Banner de boas-vindas ao evento. Foto: Acervo FLUP
Banner de boas-vindas ao evento. Foto: Acervo FLUP

O evento já foi realizado em territórios como o Morro dos Prazeres, Vidigal, Babilônia, Mangueira e, saindo de territórios de favela, em 2019, aconteceu no Museu de Arte do Rio de Janeiro (MAR). Durante a pandemia do coronavírus, o evento aconteceu de maneira remota e, este ano de 2022, a FLUP voltou ao modelo presencial e à favela.

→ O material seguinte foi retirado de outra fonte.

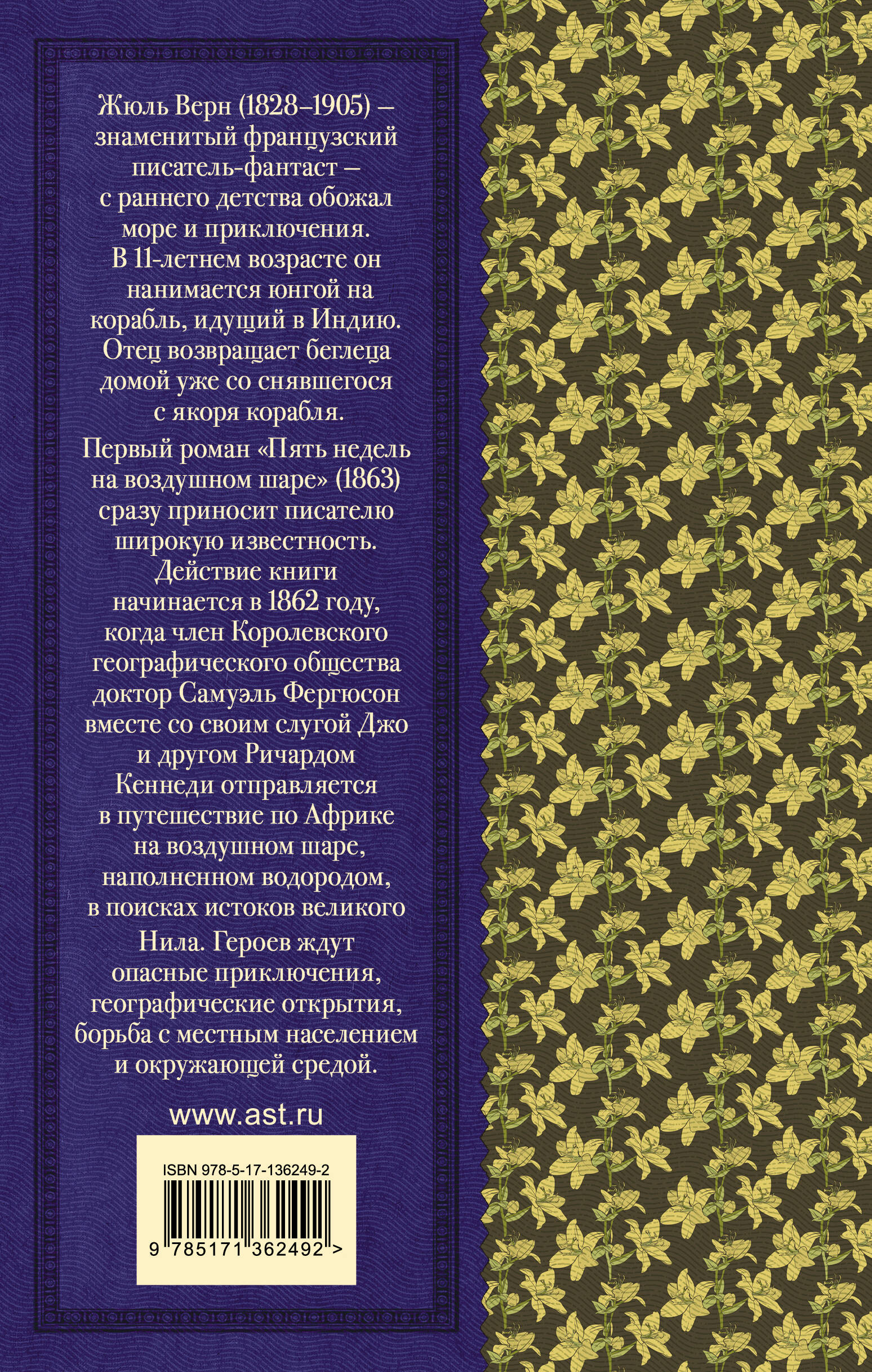 Первый роман «Пять недель на воздушном шаре» (1863) сразу приносит писателю широкую известность. Действие книги начинается в 1862 году, когда член Королевского географического общества доктор Самуэль Фергюсон вместе со своим слугой Джо и другом Ричардом Кеннеди отправляется в путешествие по Африке (к тому времени малоизведанной) на воздушном шаре, наполненном водородом, в поисках истоков великого Нила.

“Todas as pessoas envolvidas na 12ª edição da Flup trabalham no sentido de borrar as fronteiras que afastam ou aproximam o Brasil da Maré. Mas não há como negar que, muito mais do que definir o que é centro e o que é periferia, é essa cisão que permite que o Estado entre aqui com caveirões, fuzis e pés na porta, num desrespeito genocida, que um dia a História há de condenar.” — Julio Ludemir, diretor geral da FLUP

Julio, em carta de apresentação e convite para o evento, torce para que a FLUP chegue a todos os públicos. “Que a FLUP invada o Brasil. Que o Brasil invada a Maré. E nesses fluxos e refluxos possamos enfim apagar as fictícias linhas que nos separam de nós mesmos”, diz o diretor.

O evento realizou uma série de mesas de debate cujo título era Quilombo do Lima, com o intuito de memorar o escritor Lima Barreto, homenageado pelo evento. Além disso, aconteceram lançamentos de obras literárias e diversas apresentações musicais, além das semifinais e finais das competições Slam Nacional e Slam Colegial.

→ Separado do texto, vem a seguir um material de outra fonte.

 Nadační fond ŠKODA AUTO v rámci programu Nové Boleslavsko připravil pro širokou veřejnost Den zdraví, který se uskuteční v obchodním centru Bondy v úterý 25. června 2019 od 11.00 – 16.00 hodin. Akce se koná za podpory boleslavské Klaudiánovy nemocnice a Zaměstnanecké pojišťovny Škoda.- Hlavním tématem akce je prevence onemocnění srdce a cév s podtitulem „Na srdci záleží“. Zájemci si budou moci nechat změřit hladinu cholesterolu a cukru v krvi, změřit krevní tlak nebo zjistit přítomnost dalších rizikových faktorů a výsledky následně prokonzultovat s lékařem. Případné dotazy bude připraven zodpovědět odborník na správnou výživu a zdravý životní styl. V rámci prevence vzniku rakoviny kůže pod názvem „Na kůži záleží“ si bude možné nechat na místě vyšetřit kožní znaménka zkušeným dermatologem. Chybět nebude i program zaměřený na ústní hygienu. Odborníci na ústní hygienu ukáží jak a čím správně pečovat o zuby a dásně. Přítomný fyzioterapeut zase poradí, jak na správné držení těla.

No primeiro dia, o evento contou com uma bela cerimônia de Saudação aos Orixás na abertura do festival, reafirmando o compromisso com as lutas antirracistas e com a liberdade religiosa. O lançamento do livro Pai Santana, o Orixá do Futebol, do escritor Ecio Salles, também um dos criadores e organizadores da FLUP, que partiu em 2019, veio em seguida à cerimônia de abertura. O livro foi o último trabalho intelectual de Ecio e é uma biografia de Eduardo Santana, conhecido como Pai Santana, ex-massagista do Club de Regatas Vasco da Gama e figura importante no que diz respeito às religiões de matriz africana.

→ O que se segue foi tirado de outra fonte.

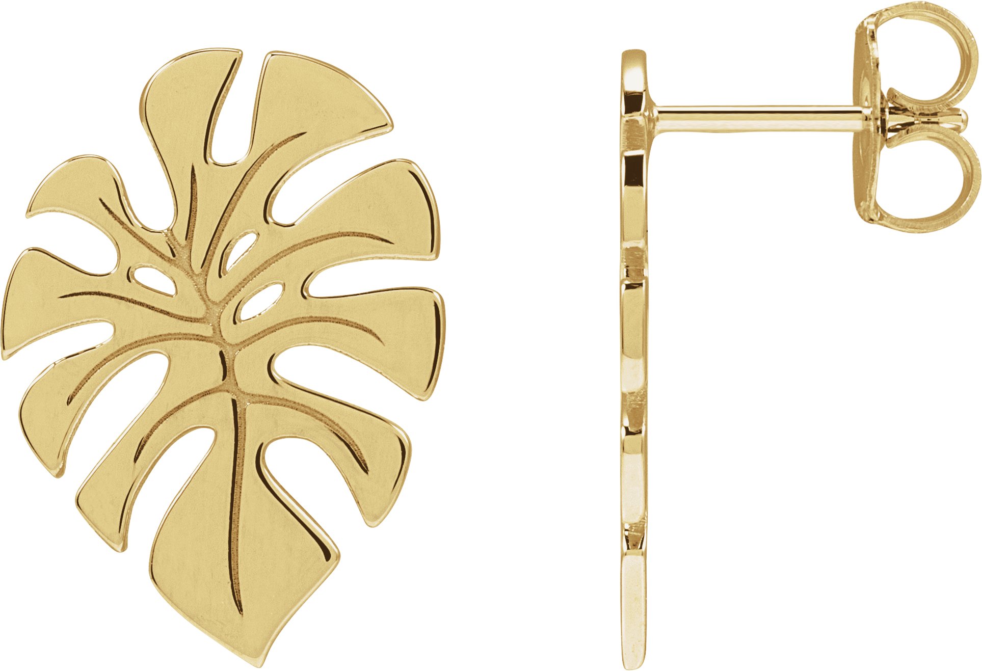 14K Yellow Left Monstera Leaf Stud Earring

Apresentação do grupo Awurê. Foto: Acervo FLUP
Apresentação do grupo Awurê. Foto: Acervo FLUP

Encerrando o primeiro dia com muita música, a FLUP contou com apresentações da trapper baiana Evy, a cantora Kamy e o grupo de pagode No Lance. Além disso, houve apresentação da roda de samba do grupo Awurê, criado com o objetivo de exaltar e resgatar a importância da influência africana em nossa cultura, identidade e consciência ancestral.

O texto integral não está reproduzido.